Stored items
::::

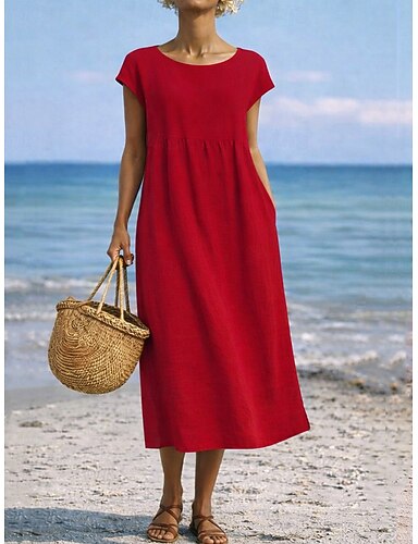 Femmes Robe Midi Faux coton lin Robe Décontractée Élégant Mode Moderne Quotidien Extérieur Vacances Coupe Ample Uni Manche Courte Col ras du cou Noir Blanche Rouge bleu marine Été Printemps
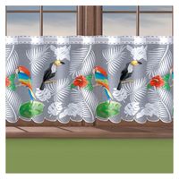 Firanka Papugi dostępna jest w sprzedaży na metry z kolorowym wzorem w wysokościach 50 cm i 70 cm oraz w kolorze białym na wysokość 160 cm
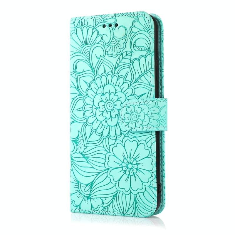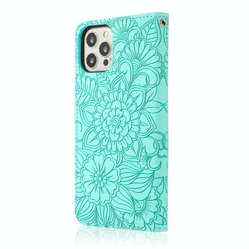 For iPhone 13 Pro Max Skin Feel Embossed Sunflower Horizontal Leather Case (Green)
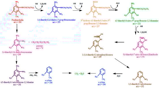 The photodegradation of pendimethalin, as shown in Scheme 2 could be fragmented through two pathways: (a) the hydroxylation of aromatic ring due to formation of 3,4-dimethyl-2,6-dinitro-N-propylbenzenamine (m/z = 253) after the elimination of the ethanol molecule. The further attack of OH radical resulted in a dehydrated adduct, with the ion peak attributed to N1-hydroxy-4,5-dimethyl-3-nitro-N2-propylbenzene-1,2-diammine (m/z = 237). The GC-MS spectrum displayed the molecular ion peaks indicating the formation of 4,5-dimethyl-6-nitro-N2-propylbenzene-1,2-diammine (m/z = 221) and 5,6-dimethyl-7-nitro-1H-benzoimidazole (m/z = 221) via the elimination of water and ethanol, respectively. Subsequently, the fragment peak at the m/z value of 195 appeared from the ring opening of 5,6-dimethyl-7-nitro-1H-benzoimidazole corresponding to 1-(3,4-dimethyl-2-nitrophenyl) isourea, followed by the C-N bond cleavage of the side chain to produce 1,2-dimethyl-3-nitrobenzene (m/z = 152). (b) The C-N bond cleavage on the dealkylation of side chain yielded the 3,4-dimethyl-2,6-dinitrobenzenamine product (m/z = 199), followed by the reduction of one of nitro group present on the aromatic ring to generate 4,5-dimethyl-1,3-dinitrobenzene-1,2-diamine (m/z = 181). The appearance of o-xylene (m/z = 106) might occur either with the elimination of the nitrogen dioxide and ammonia molecules from 4,5-dimethyl-1,3-dinitrobenzene-1,2-diamine (m/z = 181) or with the denitration of 1,2-dimethyl-3-nitrobenzene which finally mineralizes to CO2 (m/z = 44) and H2O (m/z = 18).
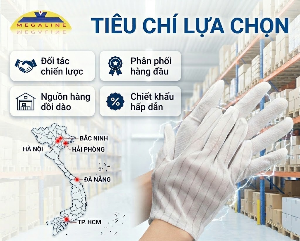 Megaline – Đối tác chiến lược cung cấp vật tư phòng sạch Đáp ứng hoàn hảo các tiêu chí khắt khe trên, Megaline tự hào là nhà phân phối thiết bị, vật tư phòng sạch hàng đầu. Lựa chọn Megaline, quý doanh nghiệp hoàn toàn an tâm sở hữu những lô găng tay vải phòng sạch, găng tay vải chống tĩnh điện chất lượng chuẩn quốc tế. Với tổng kho quy mô lớn, Megaline cam kết luôn có sẵn nguồn hàng dồi dào, đáp ứng linh hoạt cả dòng găng tay không phủ hạt mỏng nhẹ lẫn dòng phủ hạt PVC chống trơn trượt.
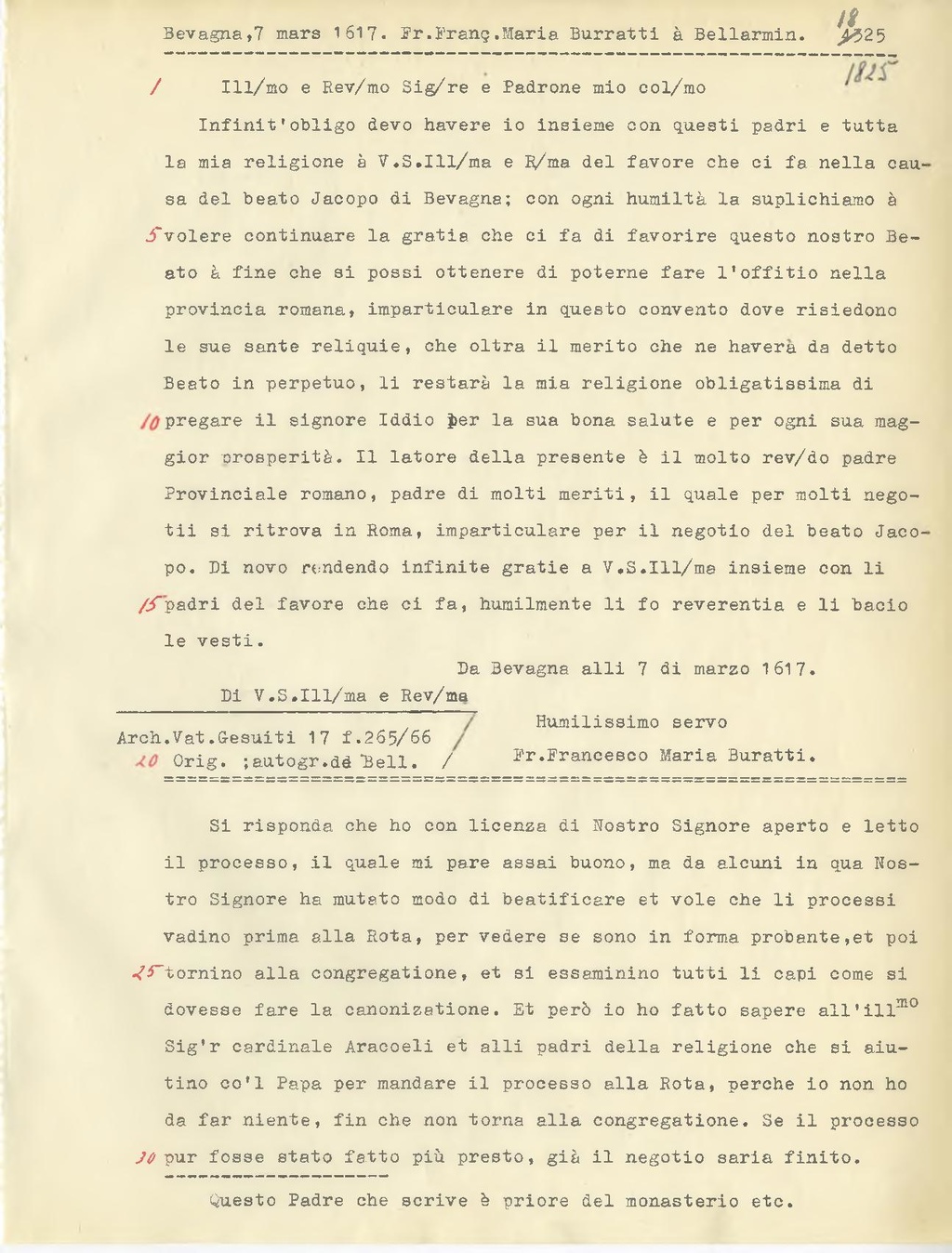 Infinit'obligo devo havere io insieme con questi padri e tutta la mia religione à V.S. Ill.ma e R.ma del favore che ci fa nella causa del beato Jacopo di Bevagna; con ogni humiltà la suplichiamo à volere continuare la gratia che ci fa di favorire questo nostro Beato à fine che si possi ottenere di poterne fare l'offitio nella provincia romana, imparticulare in questo convento dove risiedono le sue sante reliquie, che oltra il merito che ne bavera da detto
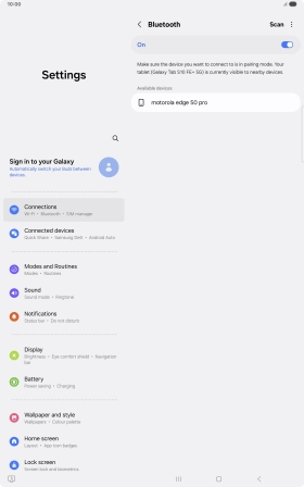 Press the required Bluetooth device and follow the instructions on the screen to pair the device with your tablet.
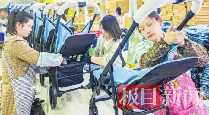 湖北三阳儿童用品有限公司的装配线上,工人们正为德国订单加急组装多功能童车
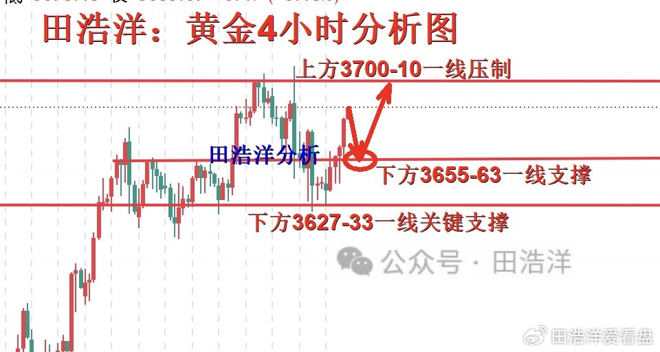 从4小时分析来看,下方的有效支撑则维持于3655-64附近区域,上方的重点压力则维持于3700-3710区间一线,操作上以回踩做多为主,中间位置一律多看少动谨慎追单,耐心等待关键点位进场。具体操作策略我会在盘中提示,及时关注。
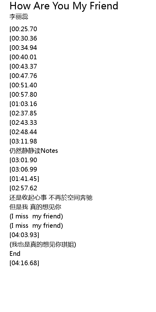 | [02:33.58][01:03.16] | How are you my friend |
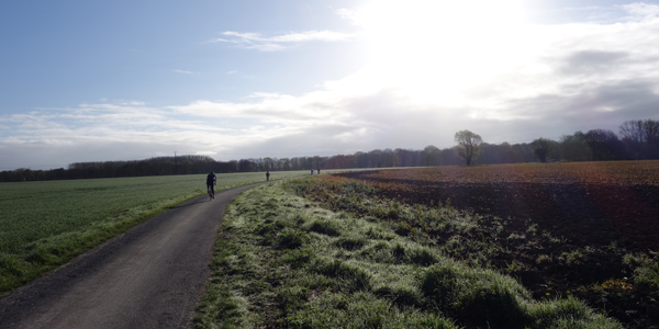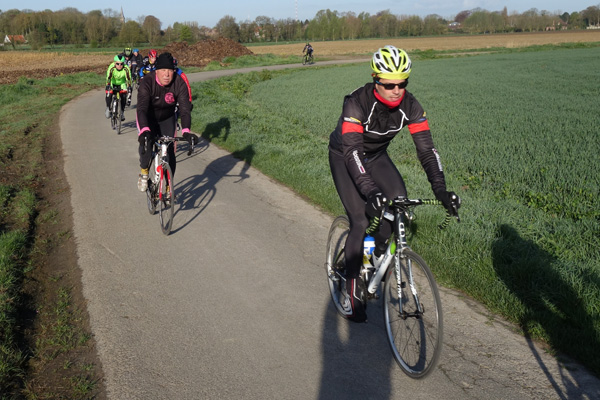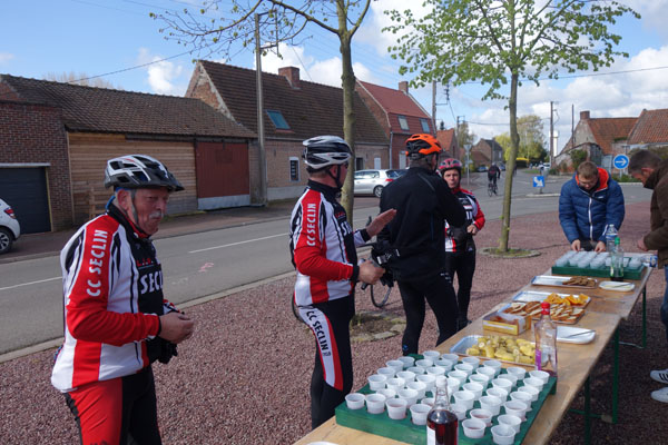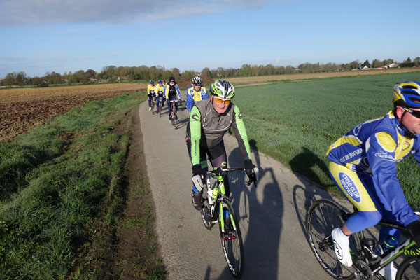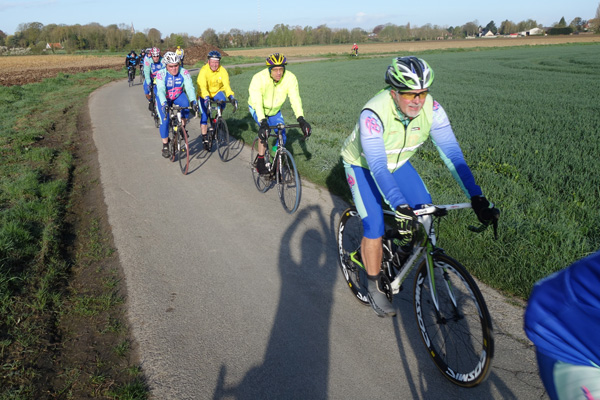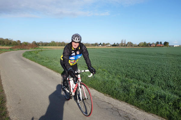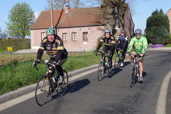 Mais qu’importe, pédaler dans la verte campagne sous un ciel pommelé est un plaisir pour moi toujours renouvelé. Le circuit combinait portions sinueuses et longues lignes droites offrant un parcours roulant et varié. Le franchissement de Mons en Pévèle, seule difficulté au programme nous fera zigzaguer dans la commune, non sans passer par le Pas de Roland.
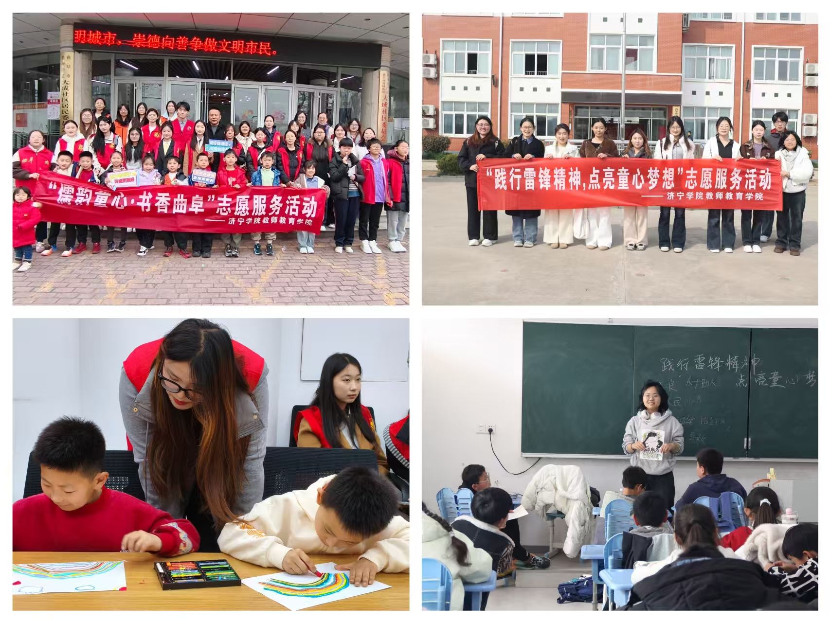 为深入弘扬和传承新时代雷锋精神,2026年3月,教师教育学院团委组织各专业志愿者,围绕“赓续雷锋精神,青春志愿同行”主题,在曲阜市大成社区党群服务中心、杏坛小学等地开展系列志愿服务活动。
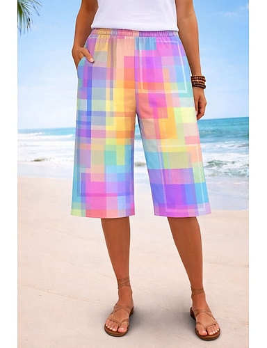 Femmes Short en coton et lin Vacances ancien style grand-mère côtier Longueur complète Taille Moyenne Fleuri Graphique Imprimé Confort Micro-Élastique Quotidien Rue Bleu Violet Jaune Violet Ét
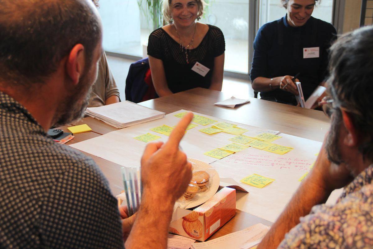 Accompagnés par Julien Mary, historien, ingénieur de recherche au CNRS et référent scientifique de la MSH Sud, ainsi que par Delphine Laurant, Coordinatrice de la Boutique des sciences Trait d’Union de la MSH Sud, une vingtaine de professionnel-les ont brainstormé afin de questionner ces problématiques.
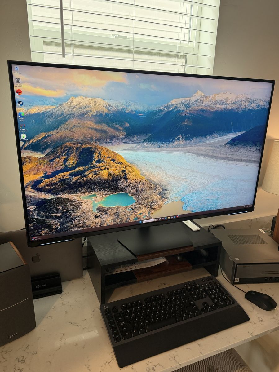 Like new. Very minimal use. Still has the plastic protective covering on the edges of the monitor. Great for gaming abd productivity. Normally $1000 but on sale for $600
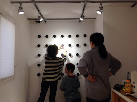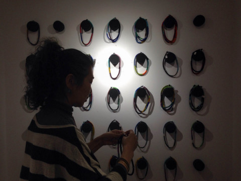 プラハのシノさんによるチョーカーの展示は壁全体がまるでみずたま模様!
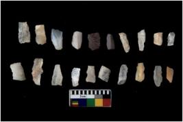 | Description / विवरण | There are n 20 flakes tool; there are multidirectional irregular scar pattern on them, made of short flakes and few have tapering edges. |
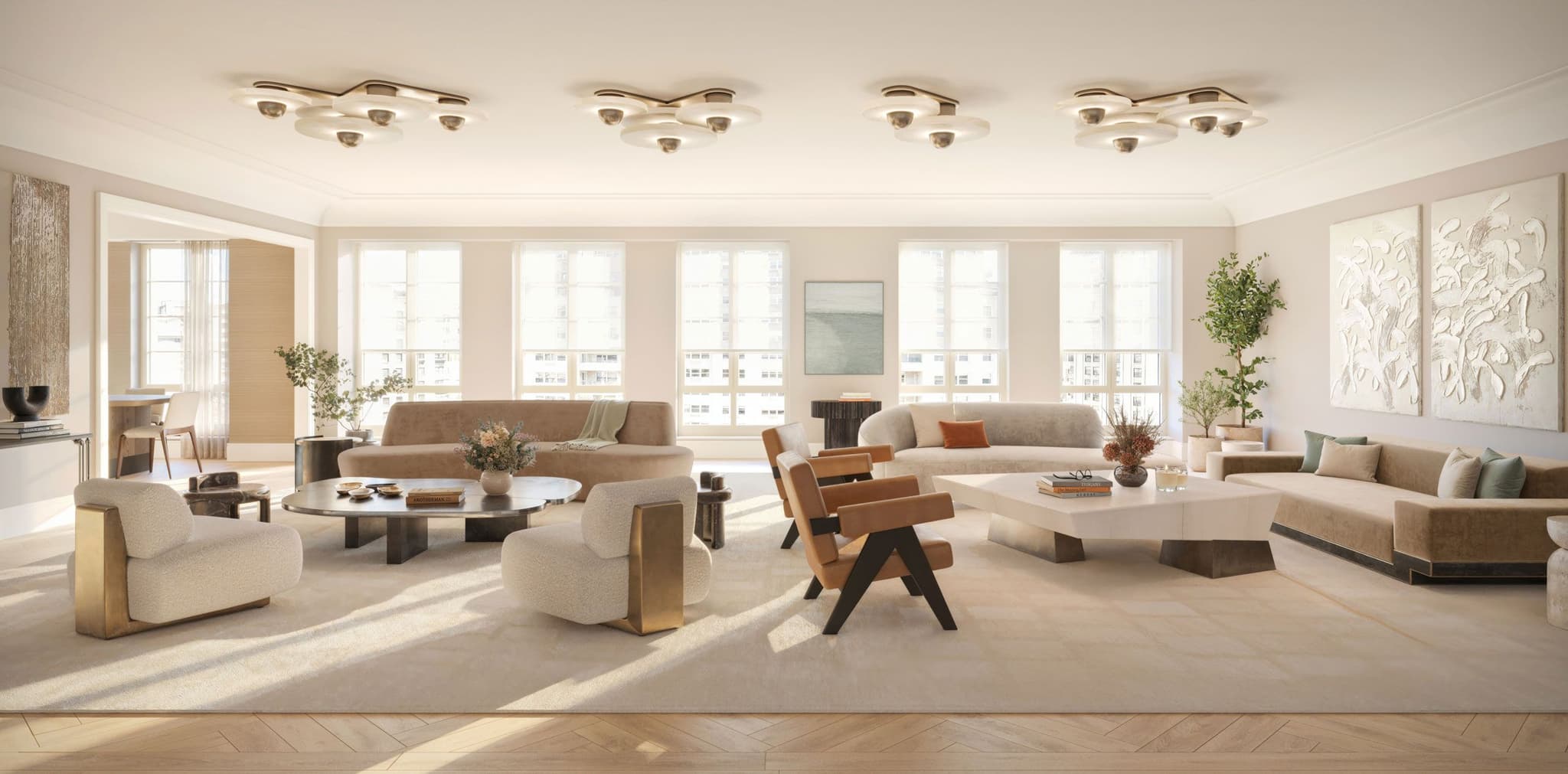 "THE ENFILADE IS A TECHNIQUE USED IN FRENCH PALACES. WE’RE THRILLED THAT WE COULD ALIGN THE PUBLIC ROOMS OF SIXTEEN FIFTH AVENUE’S RESIDENCES TO THAT EFFECT. AN ENFILADE HAS GREAT DRAMA, AND FROM THE PERSPECTIVE OF A HOMEOWNER OR GUEST, IT IS A GREAT PLEASURE TO LOOK ACROSS ONE ROOM TO THE ADJACENT SPACE."
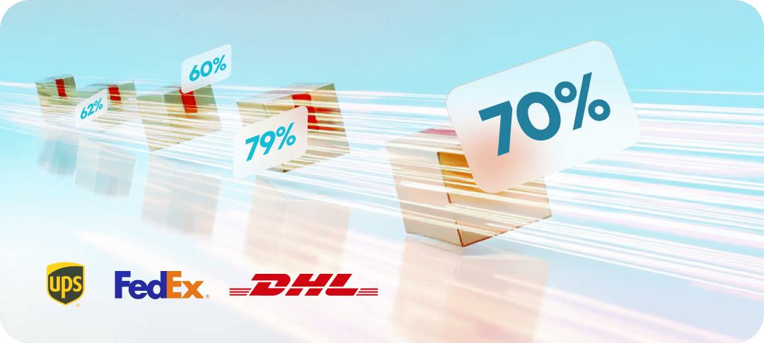 Pre-negotiated enterprise rates with DHL, UPS, and FedEx, no volume minimums required.
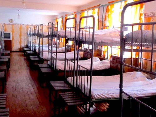 Заходя в сам барак попадаешь в длинный коридор (продол), налево в конце коридора двери, там уже 2 огромных помещения со двуярусными шконарями, а справа кухня, ленка, подсобка с камерами хранения и туалеты с душевой.
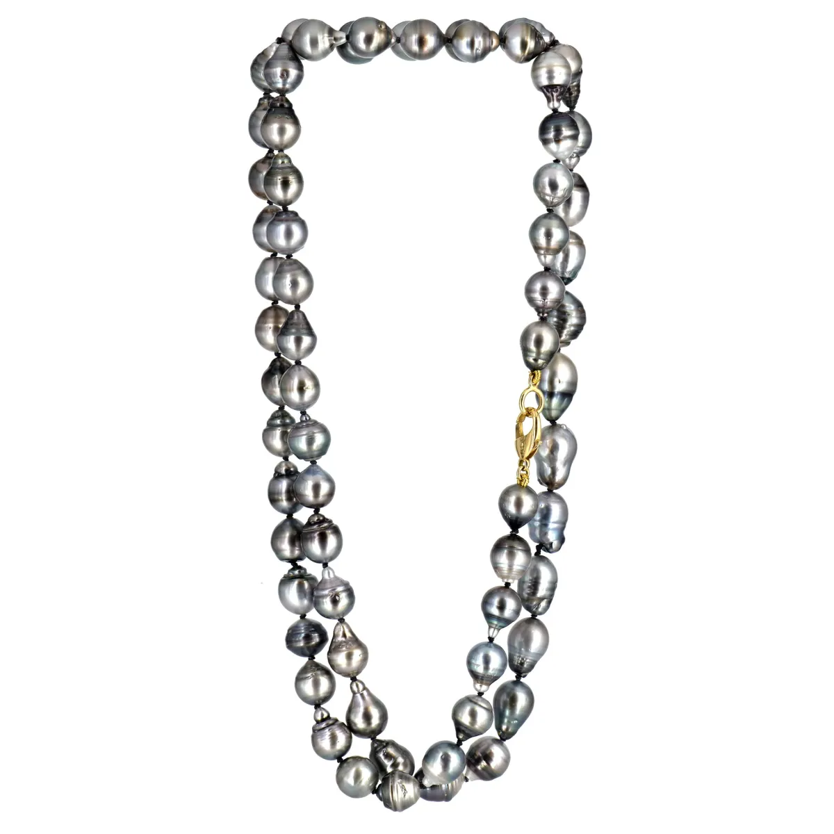 Details:18k Yellow Gold ClaspBaroque Tahitian Pearls, ~12+ mmMeasurements: 43″ in length
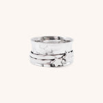 Sterling silver 925 spinner ring.  This stunning ring has a thick hammered band, with two silver rings featuring 2 silver stars.
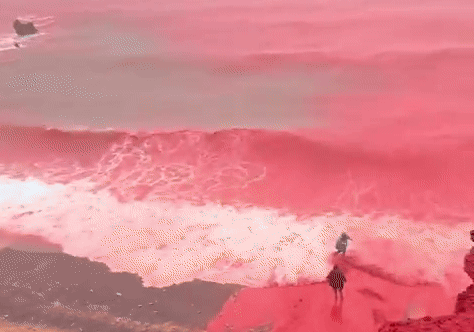 Hormuz Island Red Beach: ઈરાનના હોર્મુઝ દ્વીપ પર ભારે વરસાદના કારણે એક વિચિત્ર અને ડરામણું દ્રશ્ય ઊભું થયું છે. દ્વીપના પ્રખ્યાત રેડ બીચ (લાલ બીચ) પર વરસાદનું પાણી પણ લાલ રંગનું થઈ ગયું છે. દરિયાના મોજા લોહી જેવા ક્રિમસન (ઘાટો લાલ) થઈ ગયા છે. સોશિયલ મીડિયા પર વાઇરલ વીડિયોમાં જોઈ શકાય છે કે, ચટ્ટાનમાંથી લાલ પાણી વહીને દરિયામાં ભળી રહ્યું છે, જેના કારણે સંપૂર્ણરીતે બીચ અને આસપાસનું પાણી લાલ થઈ ગયું છે.
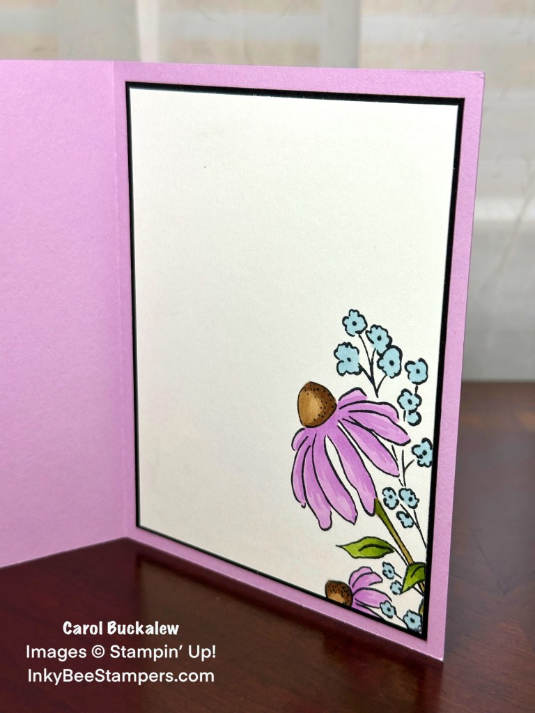 On the inside panel, I partially stamped the Coneflower image onto the lower right corner of the panel then colored the image using Stampin’ Blends. The panel was adhered to a black mat, then adhered to the inside of the card.

::::

§ ASSIGNED TASK:
Output exactly those lines of the data above that run from the line with "Pre-negotiated enterprise rates" up to and including the line with "Sterling silver 925 spinner". No pictures go in.

§ OUTPUT BELOW:
 Pre-negotiated enterprise rates with DHL, UPS, and FedEx, no volume minimums required.
 Заходя в сам барак попадаешь в длинный коридор (продол), налево в конце коридора двери, там уже 2 огромных помещения со двуярусными шконарями, а справа кухня, ленка, подсобка с камерами хранения и туалеты с душевой.
 Details:18k Yellow Gold ClaspBaroque Tahitian Pearls, ~12+ mmMeasurements: 43″ in length
 Sterling silver 925 spinner ring.  This stunning ring has a thick hammered band, with two silver rings featuring 2 silver stars.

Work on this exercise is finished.